Go to the line with "Avrupa Birliği (AB)" in the entries below and write out every line from there through the line with "SINGAPUR, enero 27, 2018", exactly and without pictures.

── DATASET ENTRIES ──

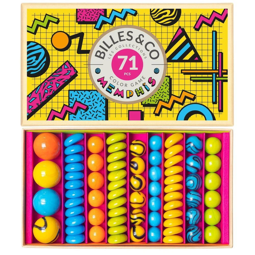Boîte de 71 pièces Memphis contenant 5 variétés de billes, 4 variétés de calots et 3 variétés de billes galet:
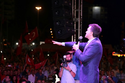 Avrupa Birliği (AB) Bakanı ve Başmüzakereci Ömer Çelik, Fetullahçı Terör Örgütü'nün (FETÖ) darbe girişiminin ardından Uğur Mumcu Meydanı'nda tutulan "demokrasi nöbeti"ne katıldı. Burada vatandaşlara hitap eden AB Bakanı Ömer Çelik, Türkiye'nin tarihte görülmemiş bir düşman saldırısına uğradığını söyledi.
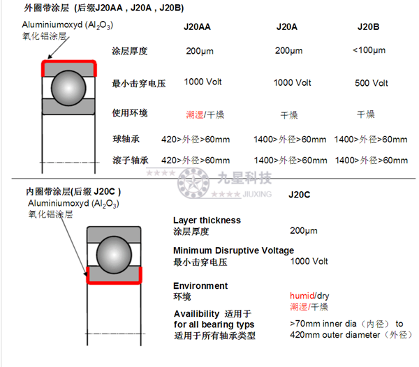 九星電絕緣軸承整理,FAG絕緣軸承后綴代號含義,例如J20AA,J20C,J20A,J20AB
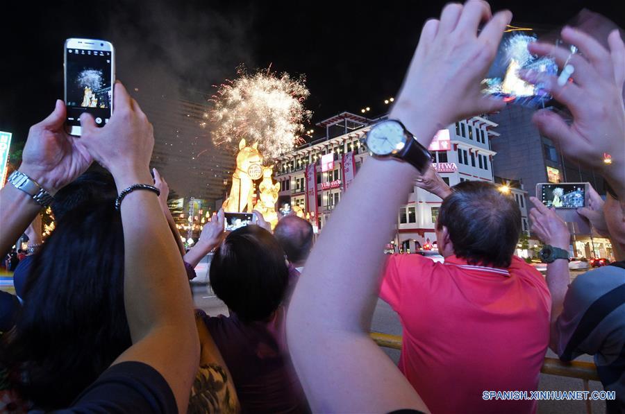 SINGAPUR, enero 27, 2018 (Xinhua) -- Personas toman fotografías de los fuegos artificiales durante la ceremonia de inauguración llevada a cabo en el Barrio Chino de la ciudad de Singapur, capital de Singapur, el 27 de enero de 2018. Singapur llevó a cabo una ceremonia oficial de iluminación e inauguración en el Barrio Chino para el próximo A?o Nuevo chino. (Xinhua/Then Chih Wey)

───
── DATASET ENTRIES ──

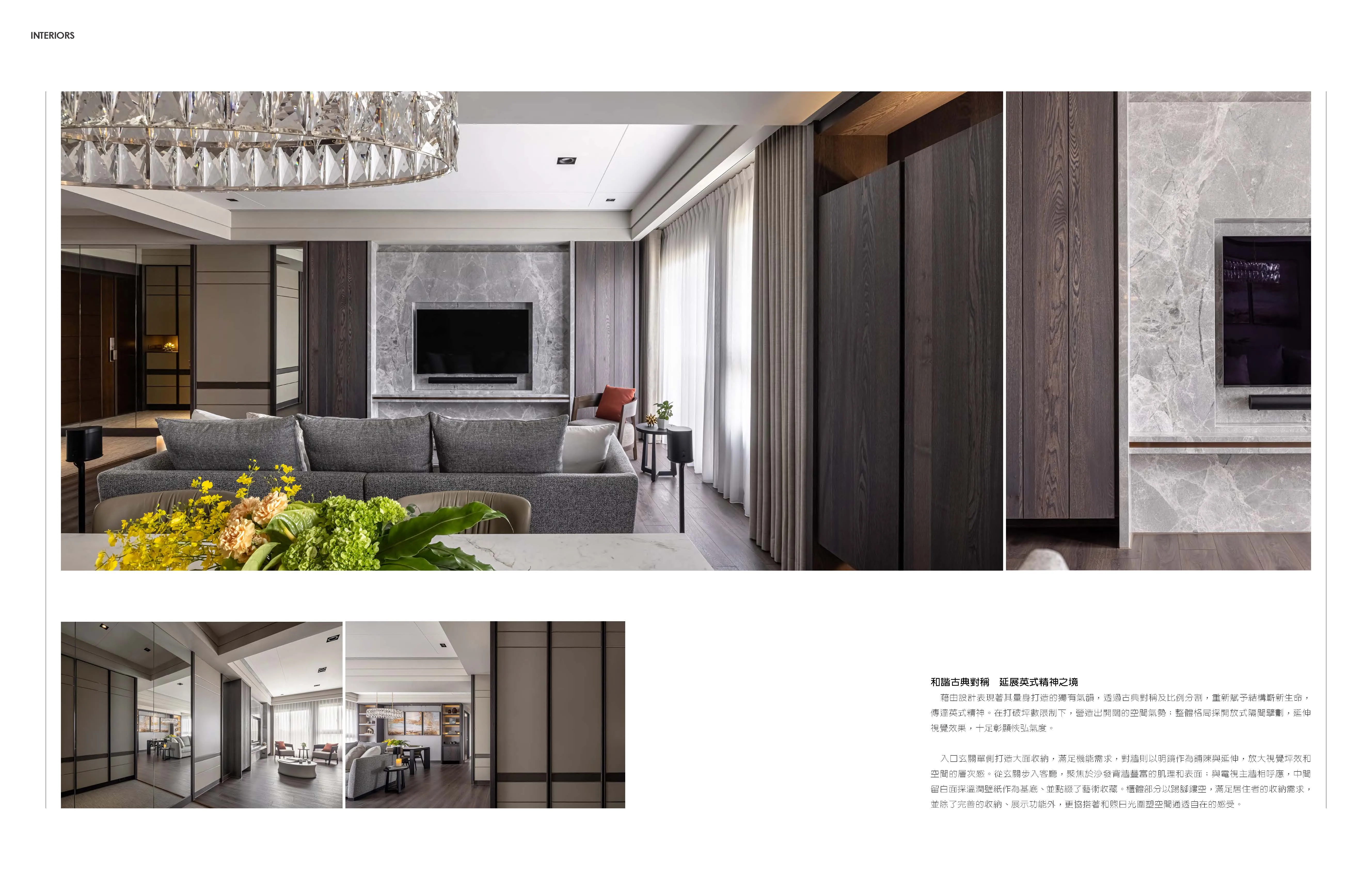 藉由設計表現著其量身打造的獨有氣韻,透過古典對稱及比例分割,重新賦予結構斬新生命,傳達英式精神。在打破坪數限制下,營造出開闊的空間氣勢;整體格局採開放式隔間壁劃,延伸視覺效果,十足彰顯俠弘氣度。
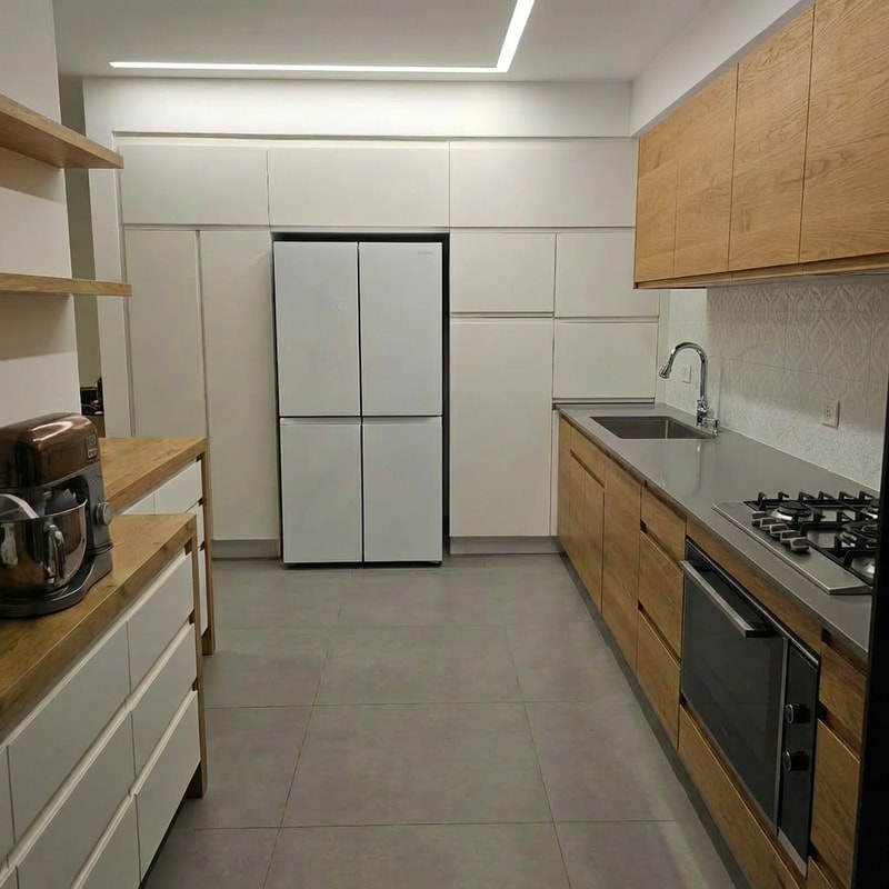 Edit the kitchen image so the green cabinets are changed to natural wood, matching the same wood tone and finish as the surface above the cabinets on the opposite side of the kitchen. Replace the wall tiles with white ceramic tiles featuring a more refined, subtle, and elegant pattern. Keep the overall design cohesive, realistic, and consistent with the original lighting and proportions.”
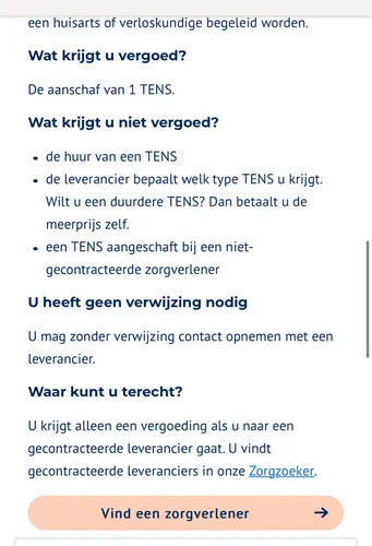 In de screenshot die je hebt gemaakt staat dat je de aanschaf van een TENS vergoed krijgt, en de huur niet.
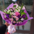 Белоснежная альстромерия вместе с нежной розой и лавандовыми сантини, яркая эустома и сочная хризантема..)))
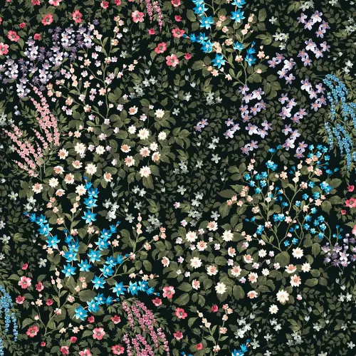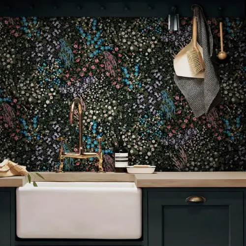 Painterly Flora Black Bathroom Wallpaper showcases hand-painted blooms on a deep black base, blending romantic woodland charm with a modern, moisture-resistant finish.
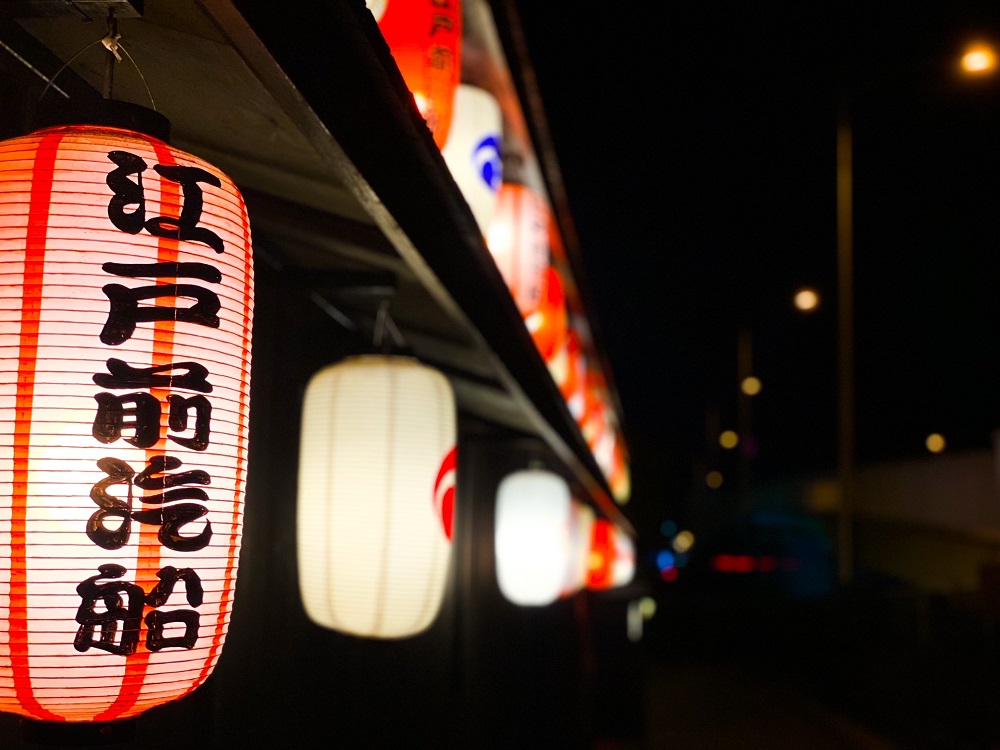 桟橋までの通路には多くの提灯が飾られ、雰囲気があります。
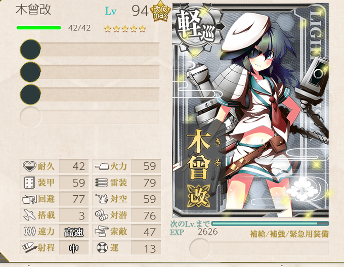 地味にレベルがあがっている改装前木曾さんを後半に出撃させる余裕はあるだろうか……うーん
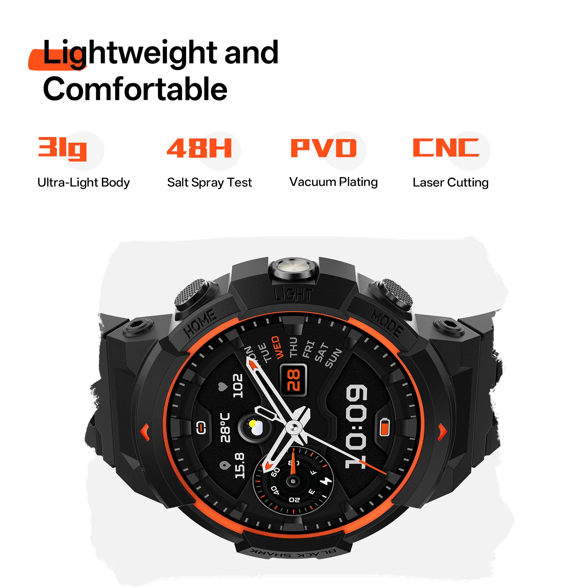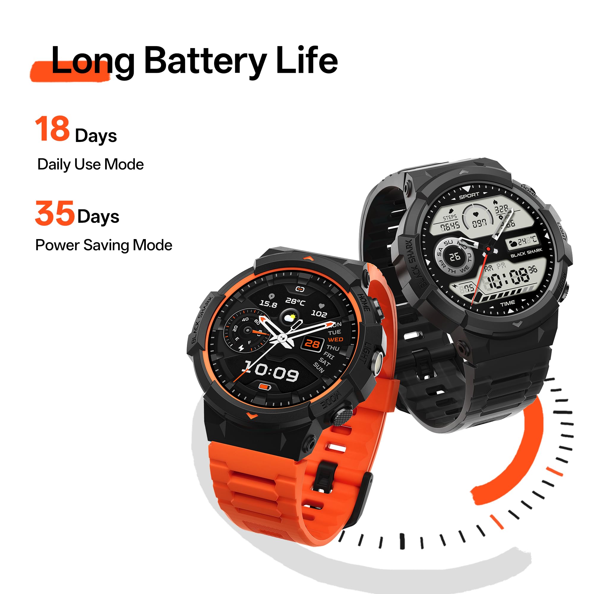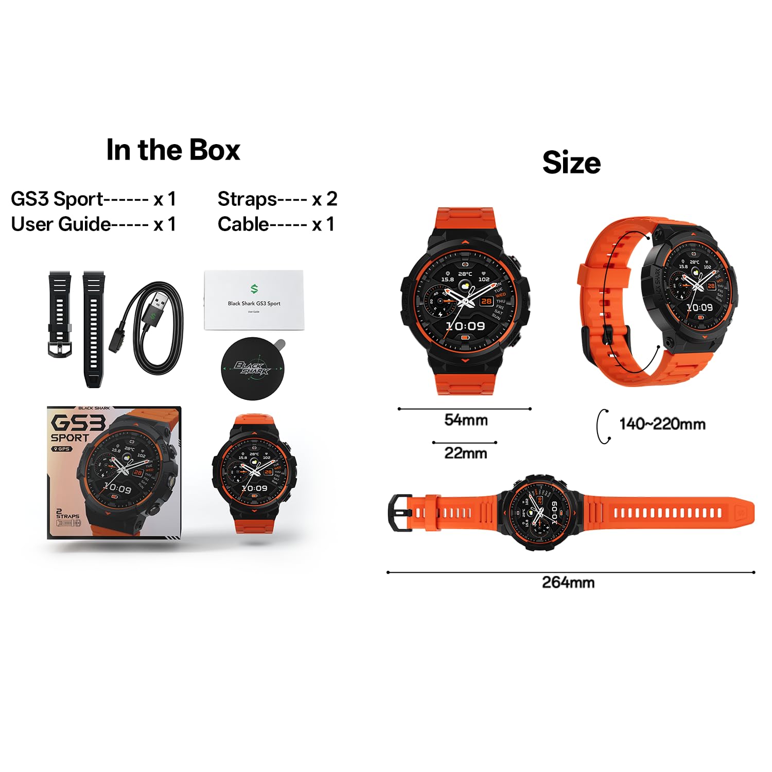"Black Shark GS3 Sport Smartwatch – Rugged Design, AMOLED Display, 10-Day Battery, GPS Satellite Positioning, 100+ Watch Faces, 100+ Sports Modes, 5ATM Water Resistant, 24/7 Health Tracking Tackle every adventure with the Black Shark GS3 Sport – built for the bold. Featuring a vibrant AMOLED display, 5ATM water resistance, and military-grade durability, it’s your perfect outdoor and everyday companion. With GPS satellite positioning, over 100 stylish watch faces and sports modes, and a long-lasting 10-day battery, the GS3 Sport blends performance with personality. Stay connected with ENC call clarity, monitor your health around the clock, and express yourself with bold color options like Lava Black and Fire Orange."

───

▶ [TASK RESULT]:
 Avrupa Birliği (AB) Bakanı ve Başmüzakereci Ömer Çelik, Fetullahçı Terör Örgütü'nün (FETÖ) darbe girişiminin ardından Uğur Mumcu Meydanı'nda tutulan "demokrasi nöbeti"ne katıldı. Burada vatandaşlara hitap eden AB Bakanı Ömer Çelik, Türkiye'nin tarihte görülmemiş bir düşman saldırısına uğradığını söyledi.
 九星電絕緣軸承整理,FAG絕緣軸承后綴代號含義,例如J20AA,J20C,J20A,J20AB
 SINGAPUR, enero 27, 2018 (Xinhua) -- Personas toman fotografías de los fuegos artificiales durante la ceremonia de inauguración llevada a cabo en el Barrio Chino de la ciudad de Singapur, capital de Singapur, el 27 de enero de 2018. Singapur llevó a cabo una ceremonia oficial de iluminación e inauguración en el Barrio Chino para el próximo A?o Nuevo chino. (Xinhua/Then Chih Wey)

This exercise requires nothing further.